Not all of it is equally important and more importantly, its value
changes over time - typically because of the information contained in
it, access frequency, and even age of the data. Ideally, organizations
should have storage platforms that are built to handle the importance of
data in intelligent ways, rather than just storing bits and bytes
unintelligently. That's why data storage providers introduced the
concept of "Data Temperature."
To
illustrate: there is usually a short burst of frenzied activity with
newly created data, but this activity rapidly drops off over time.
Typically 90% of I/O activity takes places in 10% of data storage. And
it is also true for most organizations that only about 20% of all data
is being actively used. That leaves 80% of data just sitting there
chilling. It might be used once a month, or once a year, or never again.
The image below shows how data temperature equates to its value. Hot
data is in active use and it's most valuable to the organization.
Inactive data is cold and less valuable, but you still have to store it
for possible future use, which would make it hot again.
It
is to be noted that data access need not be the only deterministic
factor for inactive/cold data. For unstructured data, there could be
other business requirements that determine when data can be deemed
inactive, such as the age of the data, cost of storing it, its
protection level, compliance and so on.
Let's
look at the unstructured data world where data is more distributed and
the two popular formats of data storage: file system and object storage.
What is File Storage?
File
storage (aka file-based storage or file-level storage) is the type of
data storage where data is stored in a hierarchical file and folder
structure.

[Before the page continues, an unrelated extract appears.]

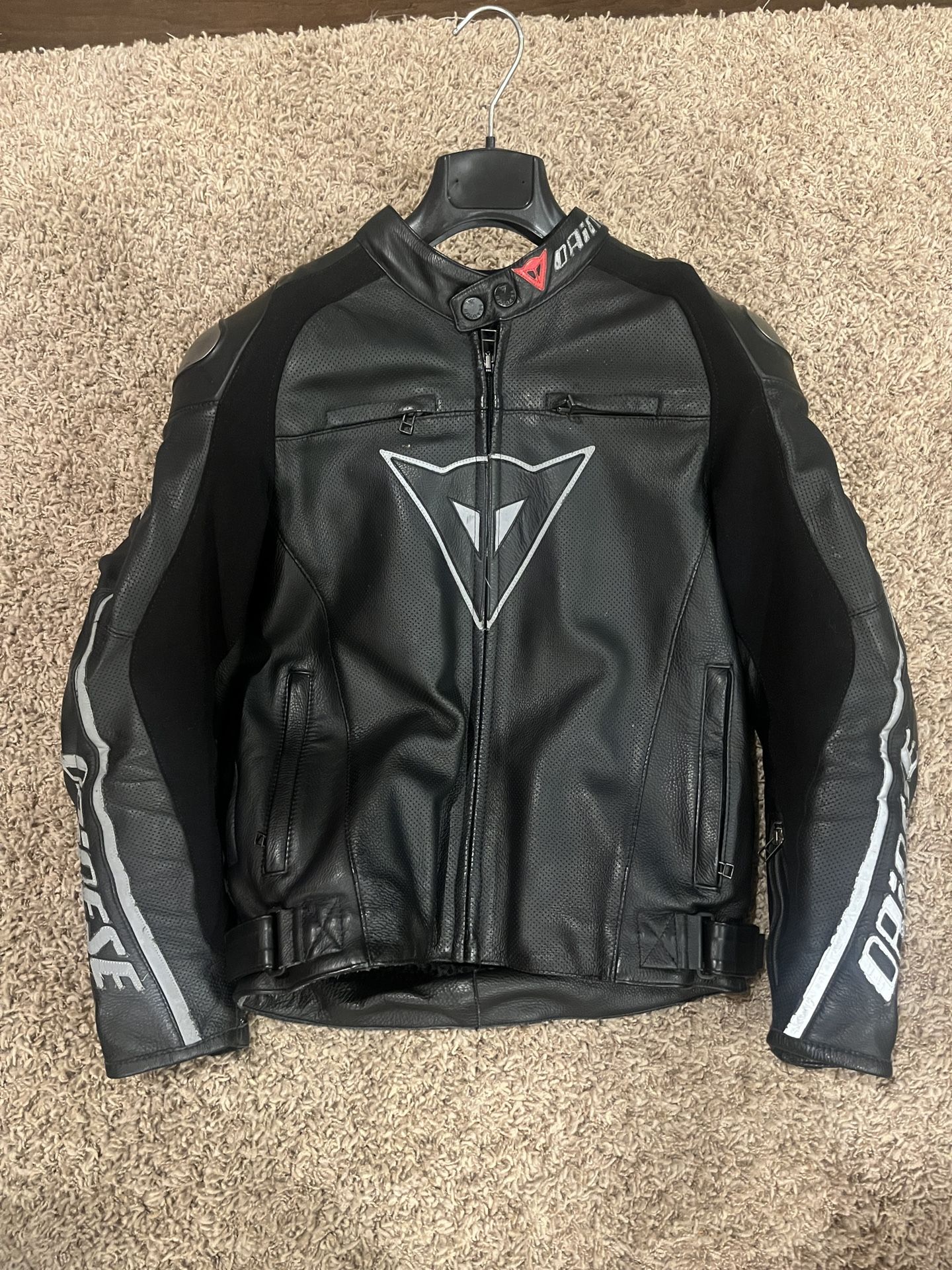 Dainese size 46, leather perforated jacket. Has the air hump and titanium shoulder armor. Includes an alpine star level 2 back protector. Never touched ground, so no damage.
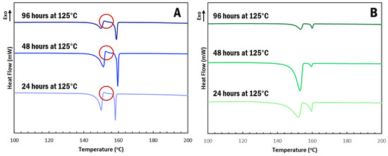 DSC scans after thermally holding (A). α-IM and (B). IM-aerogel samples at 125 °C for up to 96 H. Red circles indicate the recrystallization exotherms present in the α-IM samples.

A file is stored as a whole without breaking down the data
into blocks, such as in block storage. Files can be stored in folders,
which can then be placed in other folders in a nested structure. The
directory path of the file and which folder it is stored in is needed to
call up that file again from its storage location. NAS systems
typically use file storage and are comparatively less expensive than
block storage.
If
you have a computer, you've used a file system. File systems contain
documents, presentations, images, all the sorts of resources we move
around on our desktop or store in our ‘Documents' folder. File systems
give us a hierarchical system for organization. It's a similar approach
to using a filing cabinet with the data organized into named
directories, folders, subfolders and files. Applications and users know
where everything is based on name and location. File systems are great
for simple in and out access, provided you know the location of what
you're looking for.
For
file storage beyond the ordinary desktop or laptop, organizations use
NAS (Network Attached Storage) solutions and file servers to provide
specialized and optimized file share capabilities across a network. They
usually provide NFS and SMB protocol support for use in Unix, Linux,
and Windows environments. These are great for file and document storage
or sharing.
NAS
is typically suited for file and document storage or sharing, as well
as access control. But as you know from your own desktop, you're only
working on a few files at a time. Most of the files on your hard drive
are cool-or cold. If that's true on a file server or NAS, the system
runs out of storage or performance bogs down-just like your notebook. In
such cases, IT organizations can consider object storage as a means to
store cold (or inactive) data.
What is Object Storage?
Object
storage (aka object-based storage) is a type of data storage used to
handle large volumes of unstructured data where data is bundled along
with metadata tags and a unique identifier. Each of these self-contained
object datasets are placed into a flat address space, known as a
storage pool. Unlike file storage, object storage does not follow a
hierarchical structure. The metadata contains description about the data
and the unique identifier is used to easily retrieve the object instead
of a file name and file path. Cloud-based S3 is a popular object
storage option in addition to on-premises object storage deployments.
Object
storage is a more recent approach that doesn't impose a file system on
the data. Instead, metadata is used to describe all the details about
the underlying data. This can include the name, creation date, location,
owner and much more. Tables are used to make it possible to store,
track and retrieve data based on this metadata.
This
works in the same way as using a valet service at a car parking
facility. Imagine millions of cars in an enormous parking lot. The valet
provides a parking ticket in exchange for your car and then parks it
for you. You don't need to know where it's parked, just that it's safe
and will be available when you need it next. It can be retrieved by the
valet at any time based on the information (or metadata) on the parking
ticket, no matter the size of the parking lot.
Object
storage boasts low cost, massive scalability, and global access
capabilities. The trade-offs include latency and performance, but these
are improving over time. For users who almost never need access to old
files and documents, it's almost invisible. But to organizations who
need to keep everything for regulatory compliance or legal defense,
object storage is essential.
Putting the Right Data in the Right Place at the Right Time
The
key take-away: Different data is worth more or less, depending on time,
users, and importance. That means the most appropriate storage for any
specific data will depend upon how valuable it is right now and the
specific needs of applications or end-users utilizing it, or its
business relevance. And that's nearly impossible for a storage admin to
determine, day by day. After all, your organization is creating millions
of documents every year. Can you imagine a storage admin digging
through every document, trying to decide whether it's hot, warm, or
cold, or applying different business relevance conditions manually and
deciding which data is placed on which storage device?
The
problem is that, up until now, we haven't had a good way to make sure
that data - whether on NAS devices or object stores - was in the right
place at the right time, especially since needs change all the time,
file and object platforms might come from different vendors or use
different toolkits, and manual migration from one another is a pain.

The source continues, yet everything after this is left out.